#### Problem to work on
Print the lines below word for word, beginning with the first and ending with the line that holds "Architecture of a", and skip every picture.

#### Dataset content
----------
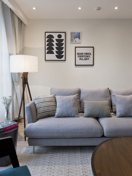 Những bức tranh tối giản được bố trí lệch về phía cửa sổ, kết hợp với đèn cây tạo thành góc thư giãn thú vị. Đó cũng là các tác phẩm do chính kiến trúc sư sáng tạo và sẽ được thay đổi khi chủ nhà muốn có sự mới lạ.
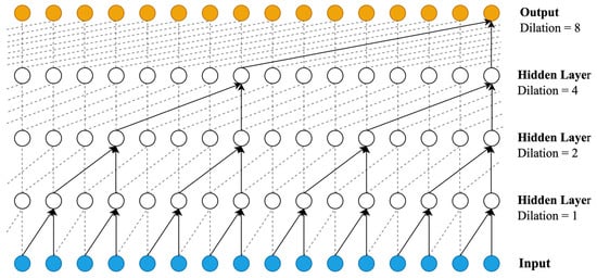 Architecture of a dilated causal convolutional network. Convolutional layers with increasing dilation factors progressively enlarge the receptive field while preserving causality for long-range dependency modeling [39].
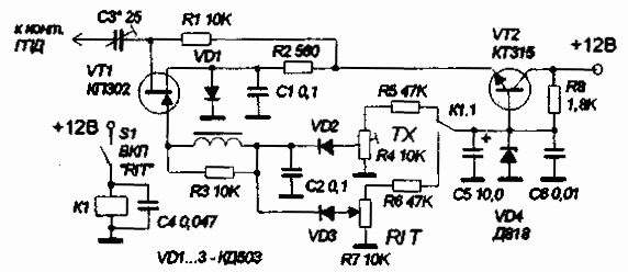 ![]() Предлагается схема электронной расстройки ГПД, рис.1, которая, на мой взгляд, прошла мимо внимания большинства радиолюбителей [1]. Используя такой способ перестройки частоты обеспечивается меньший первоначальный выбег частоты и меньший ее уход при длительной работе. На частоте 7МГц расстройка может составлять 250 кГц, в зависимости от схемы ГПД. Если не нужен большой диапазон расстройки, то следует исключить элементы VD1, R2, С1, а исток транзистора VT1 следует соединить с землей. Термокомпенсация В процессе нагрева детали ГПД изменяют свои размеры и, в зависимости от суммарного температурного коэффициента, и его знака частота ГПД начинает дрейфовать вверх или вниз. Термокомпенсацию следует производить при выведенном наполовину конденсаторе переменной емкости. От угла поворота роторных пластин зависит его ТКЕ (температурный коэффициент емкости). Нагревать корпус ГПД следует равномерно, желательно в термостат, контролируя температуру внутри термостата. Если нет промышленного термостата, можно сделать самодельный из деревянного ящика, а элементами нагрева могут служить лапы накаливания, рефлекторы, маломощные калориферы и т.п. Нагрев, при этом, будет менее равномерным. Нагревая корпус ГПД до температуры (40 - 50)° и, охлаждая естественным путем без принудительной вентиляции, проверяется цикличность изменения частоты. Если установившееся значение частоты после цикла нагрев-охлаждение отличается от исходного на 200 - 350 Гц, необходимо отыскать и заменить деталь с не цикличным температурным коэффициентом. Некоторые детали обладают свойством под действием температуры скачком изменять свои параметры. Чаще всего это конденсаторы, особенно, трубчатые - КТ. Происходит "мерцание" частоты. Существует простой способ - нагревая паяльником, с вставленным вместо жала керамическим стержнем, поочереди все детали, входящие в ГПД, и прослушивая сигнал ГПД на радиоприемнике (например, Р-326М) можно найти неисправную деталь. При нагреве исправных деталей изменение частоты происходит плавно, без скачков и "мерцания". Иногда, мерцание может возникнуть вследствие механической неустойчивости монтажа. Подбором термокомпенсирующих конденсаторов с нужным ТКЕ добиваются ухода частоты не более чем на 10 - 20 Гц/град при нагреве корпуса ГПД. Массивный дюралюминиевый корпус обладает тем большей тепловой инерцией, чем толще его стенки и тем лучше стабильность ГПД. Контроль частоты не следует производить раньше чем через 15-20 минут после пайки в ГПД. Стабильность частоты проверяют при постоянной температуре в крайних положениях конденсатора переменой емкости. После 15 минутного прогрева она не должна быть хуже, чем 50-100 Гц/час. Термокомпенсацию можно считать законченной, если при перестройке ГПД с одного конца диапазона в другой уход частоты меняет знак, т.е. в начале она от прогрева растет, в конце уменьшается или наоборот. Убедившись, что процесс происходит именно таким образом, можно смело устанавливать ГПД в трансивер. Следует также позаботиться о термокомпенсации источника питания. Конструирование традиционного ГПД Конструирование ГПД - тема необъятная, но основные принципы следует привести. Считаю, что это будет полезным не только для начинающих радиолюбителей. Стабильность частоты - серьезная проблема для большинства радиолюбительских конструкц
----------
#### Answer box
 Những bức tranh tối giản được bố trí lệch về phía cửa sổ, kết hợp với đèn cây tạo thành góc thư giãn thú vị. Đó cũng là các tác phẩm do chính kiến trúc sư sáng tạo và sẽ được thay đổi khi chủ nhà muốn có sự mới lạ.
 Architecture of a dilated causal convolutional network. Convolutional layers with increasing dilation factors progressively enlarge the receptive field while preserving causality for long-range dependency modeling [39].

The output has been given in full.